Su significado es claro: nuestro país ha decidido establecer los parámetros normativos para el libre desarrollo de los pueblos indígenas en el marco de la diversidad de alternativas y soluciones.

El libre desarrollo de los pueblos indios debe ser entendido como la capacidad de los pueblos y comunidades indígenas de ser sujetos de las decisiones que les son propias en los ámbitos económico y sociocultural, pero primordialmente en el político. Este último elemento es una condición fundamental para su desarrollo libre y autónomo. No existe mayor discriminación, desigualdad y pobreza que aquella que deriva de la marginación en las decisiones de carácter político.

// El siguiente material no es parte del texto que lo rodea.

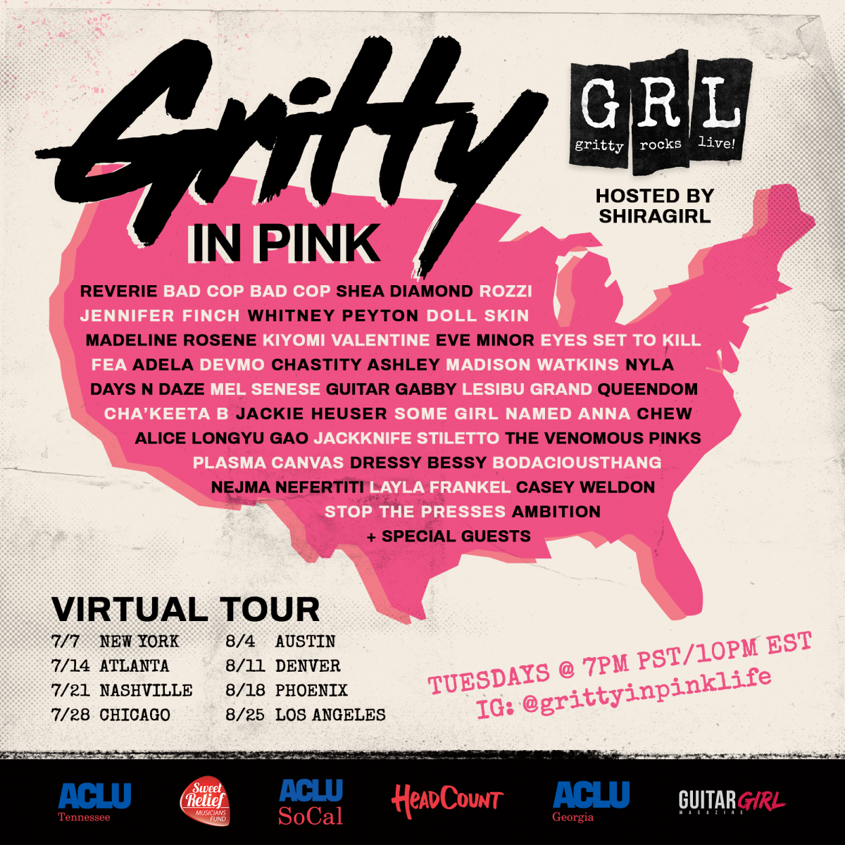 The tour is being hosted by Vans Warped Tour legends Shiragirl, the perfect, iconic, all-girl punk group to bring empowered, female artists together. Each night of shows will also feature a charity fundraiser, sponsored giveaways, intimate performances, artist interviews, and audience engagement. Not only is Gritty In Pink bringing local, female bands and their music to homes across America, but they are using their platform to help support those in the music industry. Their goal is to give back to communities who are still struggling during this economic downturn and pandemic.

La relación del Estado mexicano con los pueblos indios en este fin de siglo implica construir nuevos equilibrios políticos que involucren a todos los actores nacionales. Configurar un nuevo pacto social exige incorporar a los indígenas a las dinámicas del desarrollo nacional, pero desde sus propias demandas y necesidades.

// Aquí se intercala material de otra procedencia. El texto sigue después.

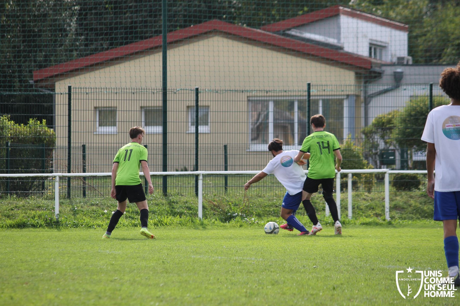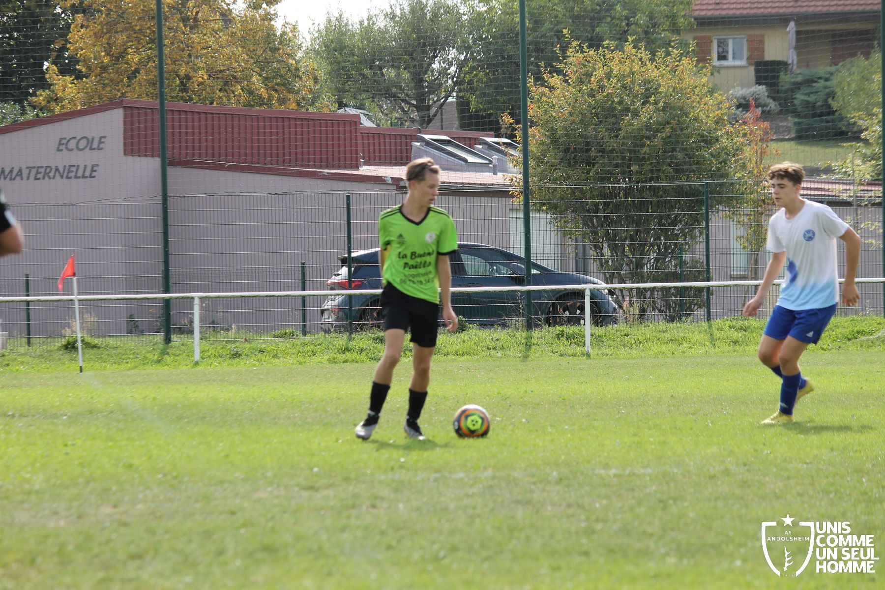 Le même Antonin, dont s’était le retour après son opération des croisés, nous gratifiait d’une barre transversale suite à un superbe coup franc excentré côté gauche, mais c’est finalement la pâte gauche de Kaïs, dans un grand jour, qui doublait le score dans la même situation de coup de pied arrêté.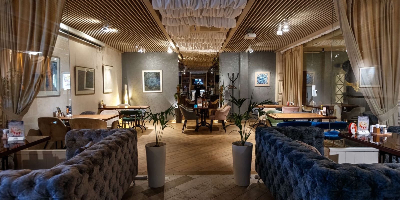 Открываются рано, закрываются поздно. В космополитичном сезонном меню — татарская кухня, русская, итальянская и японская. Завтраки от шефа с половины восьмого утра, днём — бизнес-ланчи, с семи вечера — живая музыка и диджей-сеты. Интересные десерты собственного изготовления. В барной карте — классические и авторские коктейли по ассоциациям: горький, сладкий, цитрусовый, фруктовый, ягодный.

De cara a la nación, la actual generación de mexicanos por voluntad y circunstancia está enfrentada al reto de terminar con el concepto de rezago histórico. Una gran movilización de la sociedad mexicana, de sus instituciones estatales, agrupaciones políticas y organizaciones sociales, deberá acometer la tarea de la misma manera como ha asumido el compromiso de forjar una cultura de los derechos humanos y una de la democracia. La gran tarea hoy es crear y afianzar en nuestro país una cultura profunda de la pluralidad y del respeto a la diversidad, una cultura del reconocimiento pleno de nosotros mismos. Ello nos dará la fortaleza y unión necesarias para hacer frente como nación a los años por venir.